The northern puffer has the shape of a club. Adults have small spines covering the entire body with a tiny beak-like mouth. It is characterized by vertical stripes with a gray to brown dorsal surface and a yellow to white belly. It has tiny jet-black pepper spots (about 1 mm in diameter) scattered over most of pigmented surface, particularly evident on cheeks. Lower sides of the body have a row of black, elongate, bar-like markings. A small dorsal fin is set far back near the tail. Sphoeroides maculatus, like others in the puffer family, "puffs up" into a ball in self-defense by inhaling water into a special chamber near its stomach. They will puff up with air if taken out of the water. The northern puffer reaches up to 36 cm in length, but is usually around 20 cm.

==Habitat==
The northern puffer inhabits bays, estuaries and protected coastal waters at depths of 10–183 m in the northwest Atlantic.
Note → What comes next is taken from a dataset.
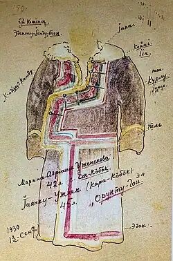 Princess Tesegesheva - the wife of Prince Chychkan Tesegeshev. Vasily Radlov met her in 1860. She was wearing a fox fur coat lined with pink silk fabric. The princess wore silver jewelry.[28]

It ranges from Florida (U.S.) to Newfoundland (Canada).

==Diet==
The northern puffer feeds primarily on shellfish, and occasionally on finfish. Using its beak-like mouth it can extract shellfish from their shells and sometimes break the shells to obtain a meal. They will attack blue crabs, blowing water underneath to turn the crab over, then attack the underside before it can right itself.

==Life cycle==
Northern puffers spawn from May through August in shallow water over sandy or muddy bottoms. The adhesive eggs are defended by the male until they hatch.